Fetch full metadata for a single model by ID or slug name.

bash
curl https://api.inferllama.com/v1/models/qwen2-0.5b-instruct

Like / unlike

POST/v1/models/{id}/like
DELETE/v1/models/{id}/like

Toggle a like on a model. Requires authentication. Returns 204 No Content.

List model files

GET/v1/models/{id}/files

Returns all GGUF files available for a model, including quantization and size.

json
// Response 200
[
  {
    "id": "…",
    "model_id": "…",
    "filename": "qwen2-0.5b-instruct-q4_k_m.gguf",
    "quantization": "Q4_K_M",
    "file_size_bytes": 954000000,
    "sha256_hash": "a1b2c3d4…",
    "format": "gguf",
    "status": "ready",
    "torrent_info_hash": "deadbeef…"
  }
]

Downloads

Get download URL

GET/v1/files/{model_id}/download/{file_id}

Returns a presigned download URL (valid 24 h), a magnet URI for BitTorrent, and the chunk manifest used by the CLI for fast parallel downloads. Also increments the download counter.

json
// Response 200
{
  "direct_url": "https://r2.inferllama.com/models/…?X-Amz-Expires=86400&…",
  "torrent_url": "https://r2.inferllama.com/torrents/….torrent",
  "magnet_uri": "magnet:?xt=urn:btih:deadbeef…&dn=qwen2-0.5b…&ws=…",
  "torrent_info_hash": "deadbeef1234…",
  "chunk_hashes": [
    { "index": 0, "hash": "a1b2c3…", "size": 268435456 },
    { "index": 1, "hash": "d4e5f6…", "size": 268435456 }
  ],
  "file_size_bytes": 954000000,
  "sha256_hash": "a1b2c3d4…"
}

Tip

Use magnet_uri with any BitTorrent client (aria2c, qBittorrent, Transmission) for faster multi-source downloads. The web seed in the magnet URI falls back to HTTP if no peers are available.

Download chunk

GET/v1/files/chunks/{chunk_hash}

Redirects (302) to a presigned chunk URL. Used by the CLI for parallel chunk downloads and as a BitTorrent HTTP web seed.
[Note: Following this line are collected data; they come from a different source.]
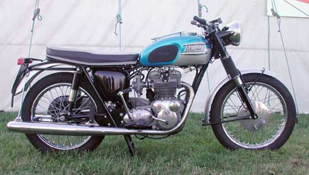 | It is not generally known that in 1965 the first of the new triples looked like a normal Triumph. This early prototype was on display at Beezumph in 2003. Check out the nice, sandcast cylinders and heads. Had this machine been brought into the US, American riders would have been very happy. For some reason, management went to outside, "professional designers". | |||||||||||||||||||||||||||||||||||||||||||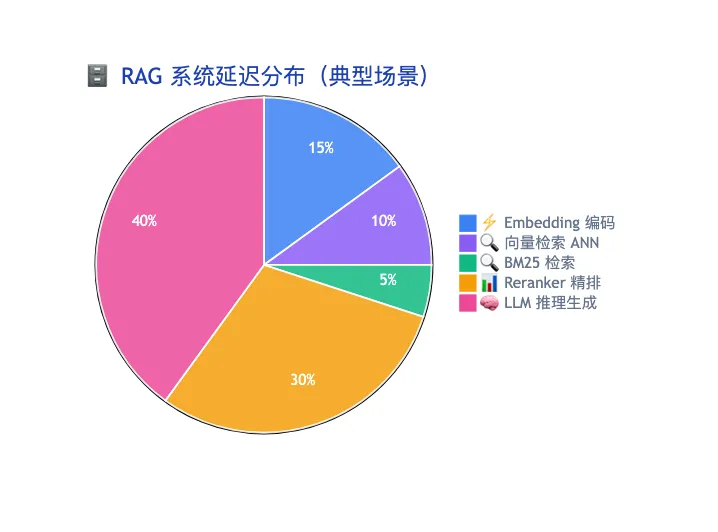 图 6:RAG 系统各环节延迟占比——LLM 推理和 Reranker 是主要瓶颈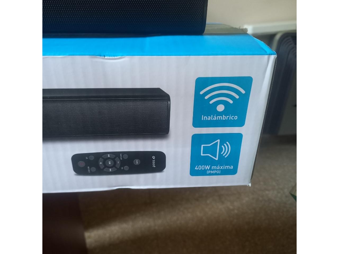 Barra de sonido inhalambrica, 400 w máximo de potencia con control remoto sin uso..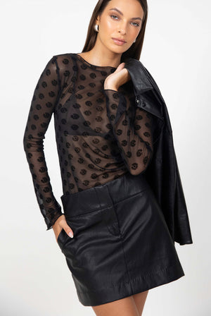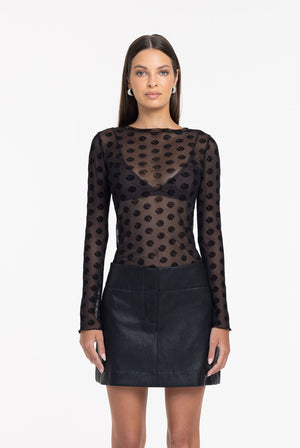 The Gigi Top is cut from delicate mesh and patterned with an all-over velvet-touch daisy flock, creating depth through transparency.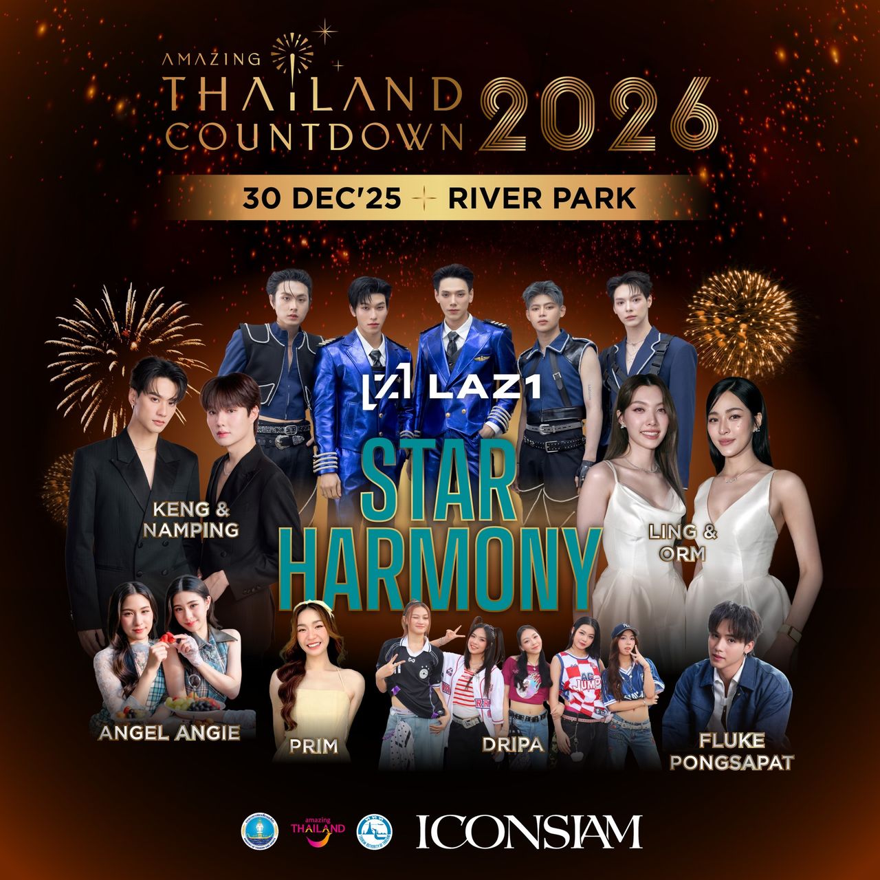 วันที่ 30 ธันวาคม 2568 ค่ำคืนพิเศษที่ทำให้การส่งท้ายปีเก่าต้อนรับปีใหม่เต็มไปด้วยโมเมนต์แห่งความประทับใจที่สุด ตั้งแต่การกลับมารวมตัวแบบครบวงอีกครั้งของ LAZ1 การแสดงสุดเอ็กซ์คลูซีฟจากหลิง-ออม จนถึงสัมผัสไปกับบรรยากาศของเคมีที่ดีมาก ๆ ระหว่าง เก่ง-น้ำปิง และยังมีเซอร์ไพรส์อีกเพียบจาก Angel Angie, Prim, DRIPA, Fluke Pongsapat และ In The 8ight ภายในคอนเซ็ปต์ STAR HARMONY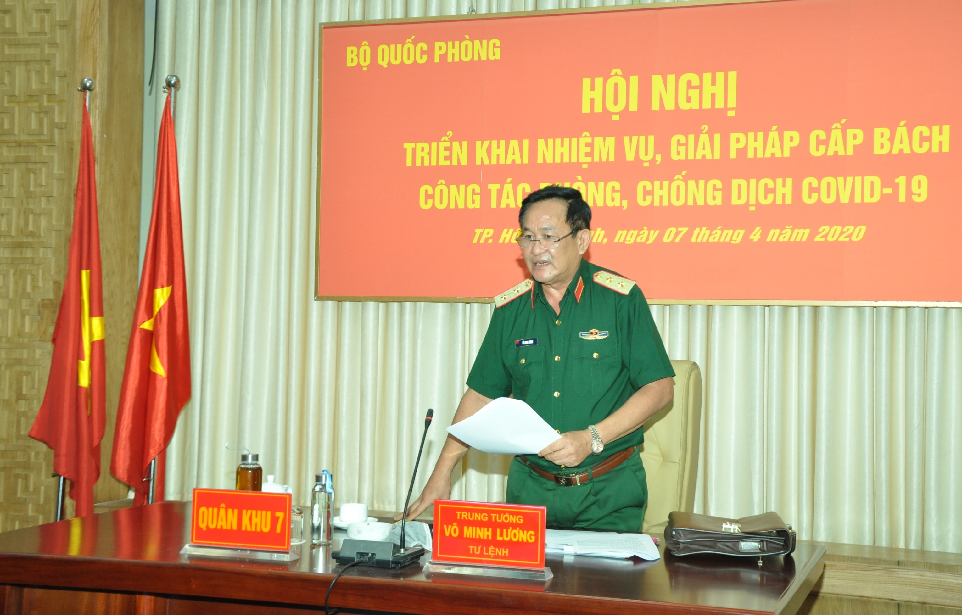 Tại điểm cầu Bộ Tư lệnh Quân khu 7, Trung tướng Võ Minh Lương, Ủy viên Trung ương Đảng, Tư lệnh Quân khu 7 chủ trì hội nghị.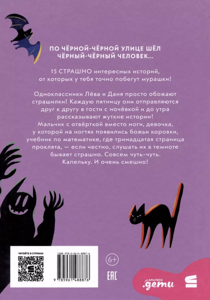 Do you like scary stories? Classmates Lyova and Dania simply adore them! Every Friday they go to each other's houses for the night and tell scary stories until the morning! And, to be honest, listening to them in the dark can be scary. Just a little bit. And very funny! For example, one boy was very afraid of getting a bad grade in English, because everyone who got one died on the spot. And another girl was very afraid of forgetting her change of shoes at home, because everyone who forgot them disappeared right away. And another girl was afraid to open her math textbook, because it was cursed! This book contains 15 scary interesting stories that will definitely give you goosebumps!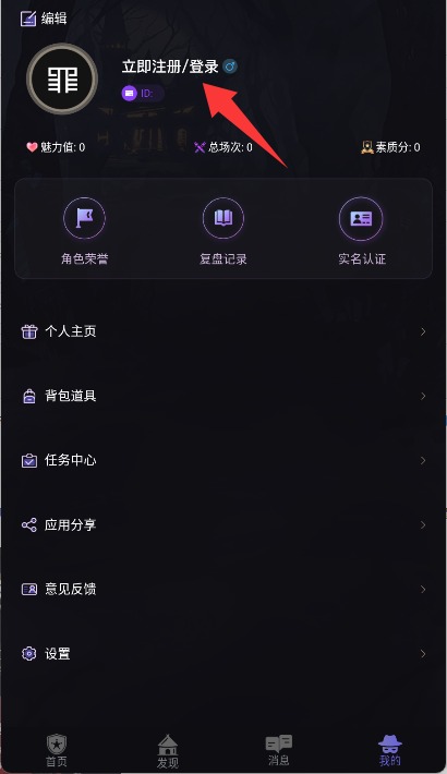 3、在个人中心页面上方找到“注册/登录”入口,点击进入账号验证界面。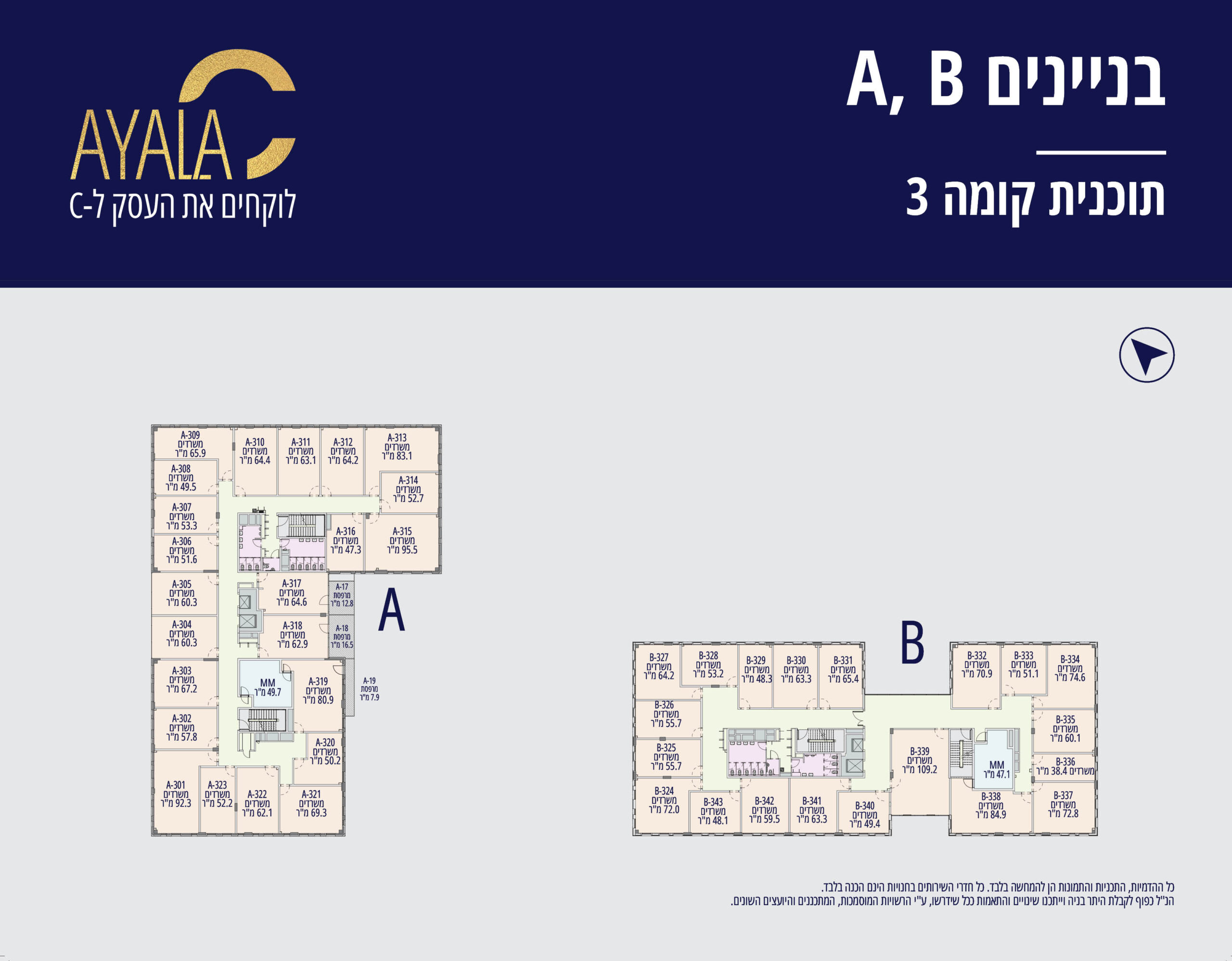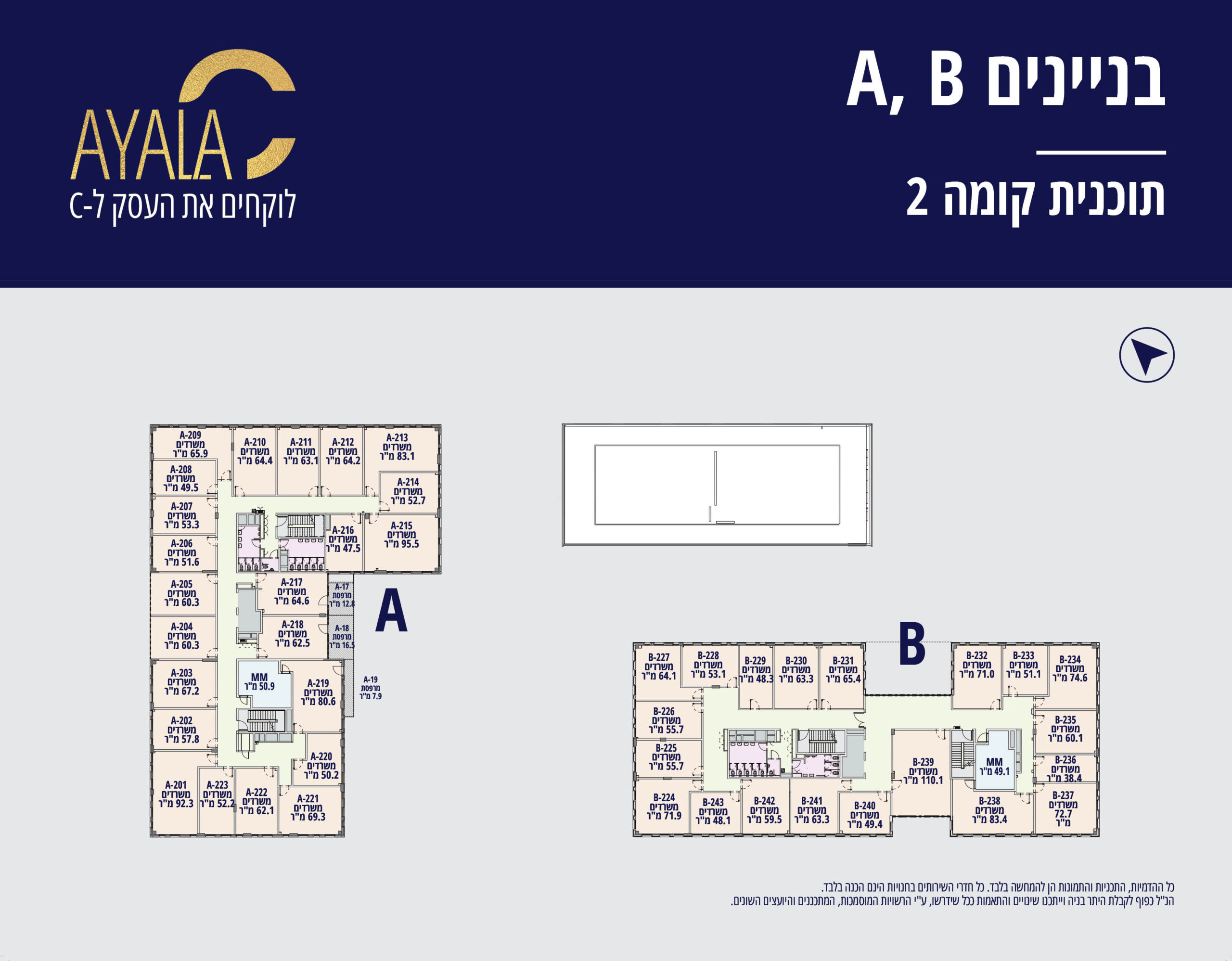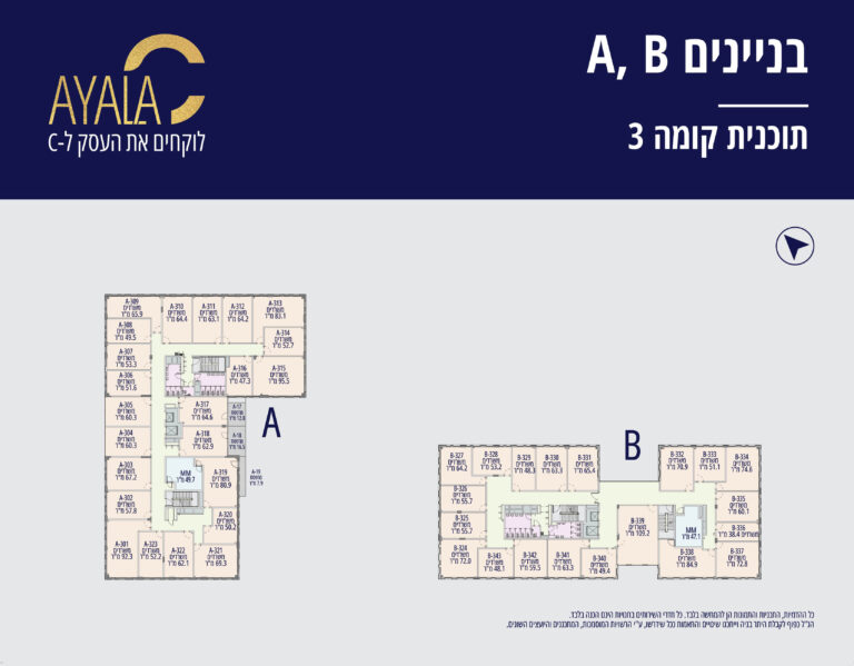 בכל בניין קומת מסחר ומעליה 5 קומות משרדים
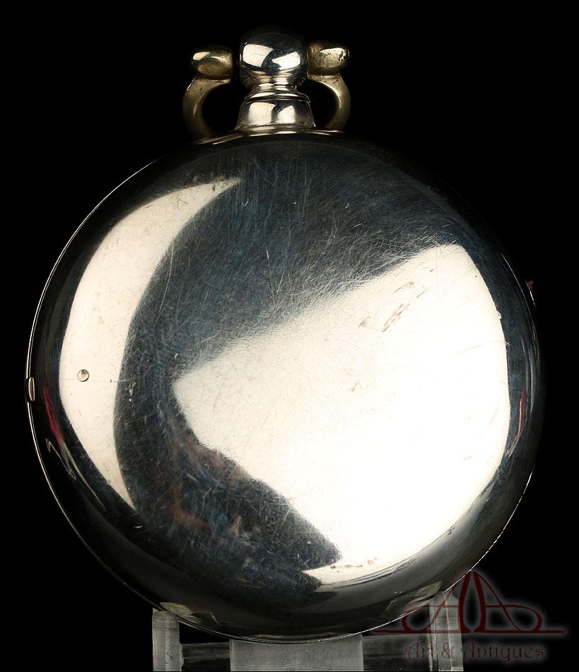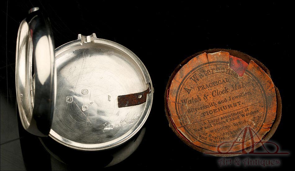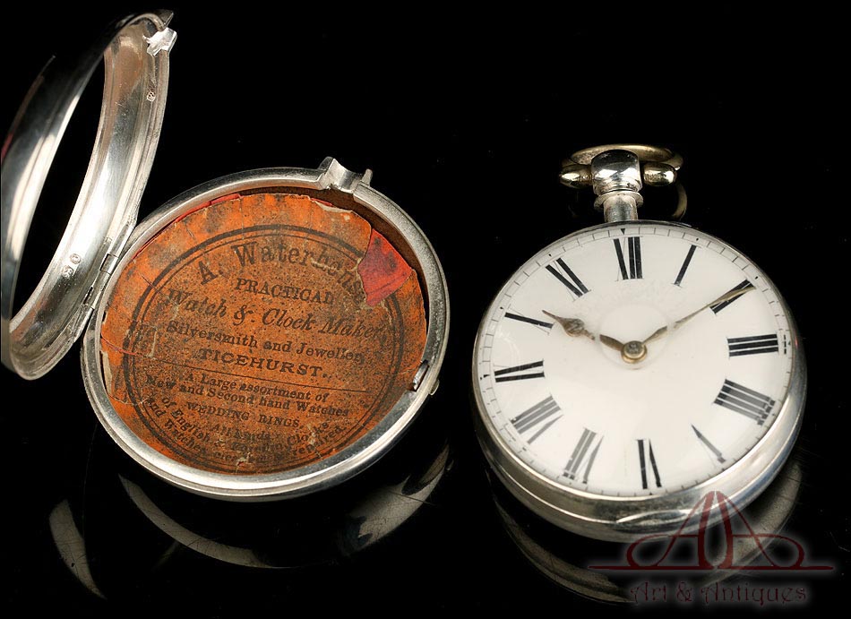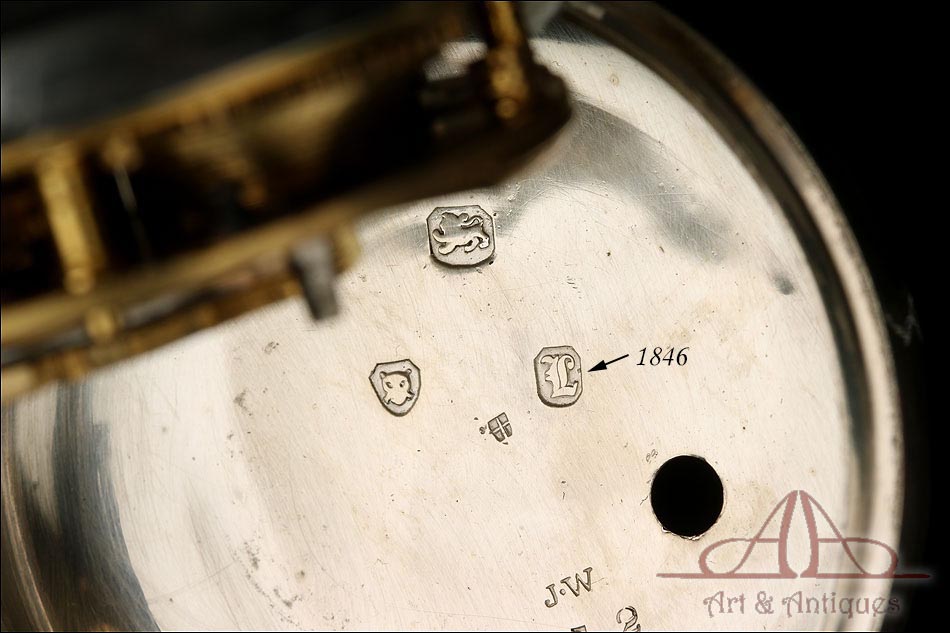 Precioso y antiguo reloj catalino con dos cajas de plata firmado por R. Shrivell en la maquinaria y fabricado en Inglaterra en 1846. Se trata de un artículo con más de 150 años de antigüedad y muy bien conservado. La maquinaria está revisada y a día de hoy el reloj funciona muy bien. Va acompañado de una llave antigua. El reloj está montado en una caja de plata maciza antigua y va metido dentro de otra caja externa e independiente, también de plata. Esta segunda caja lleva en su interior una antigua etiqueta de papel con el nombre del comerciante y detalles sobre el negocio. La tapa trasera en su cara interna los contrastes correspondientes a la plata antigua inglesa y el año de fabricación (1846). También podemos ver el sello del platero con las iniciales JW y el contraste de la plata de Londres, el rostro de un leopardo.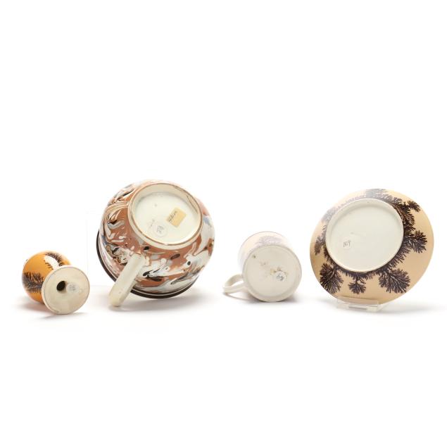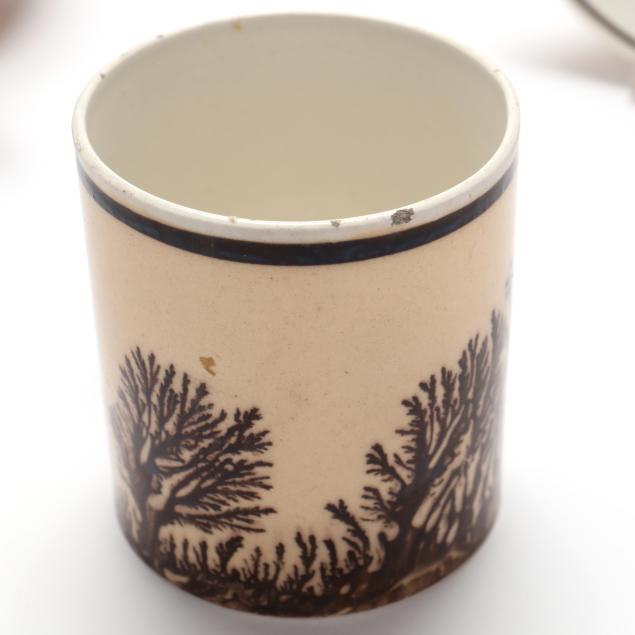 English, circa 1820-40, a cup with swirl decoration below two brown rings (2 3/4 n.) (firing line to the underside), a shaker decorated with a black dendrite tree (break and repair to the shaker top; small underside chip) (3 1/2 in.), a cup and saucer, tan with in-the-round tree and shrubbery decoration (cup 2 1/2 in.) (tiny rim flakes), not signed.

Inference (OpenAI-compatible)

When inferllama serve is running locally, it exposes an OpenAI-compatible API on port 11434. Point any OpenAI SDK at http://localhost:11434/v1 with any non-empty API key.

Note

The local inference endpoint is separate from the registry API. The registry handles model metadata and downloads; the inference daemon handles running models on your machine.

Chat completions

POST/v1/chat/completions
json
// Request (to http://localhost:11434/v1/chat/completions)
{
  "model": "qwen2-0.5b-instruct",
  "messages": [
    { "role": "system", "content": "You are a helpful assistant." },
    { "role": "user",   "content": "Explain transformers in simple terms." }
  ],
  "stream": true,
  "temperature": 0.7,
  "max_tokens": 1024
}

When stream: true, the response is a stream of data: … SSE events terminated by data: [DONE] — identical to the OpenAI streaming format.

python
from openai import OpenAI

client = OpenAI(base_url="http://localhost:11434/v1", api_key="local")

for chunk in client.chat.completions.create(
    model="qwen2-0.5b-instruct",
    messages=[{"role": "user", "content": "Hello!"}],
    stream=True,
):
    print(chunk.choices[0].delta.content or "", end="", flush=True)

List loaded models

GET/v1/models

Returns models currently loaded in the inference daemon and ready to serve requests.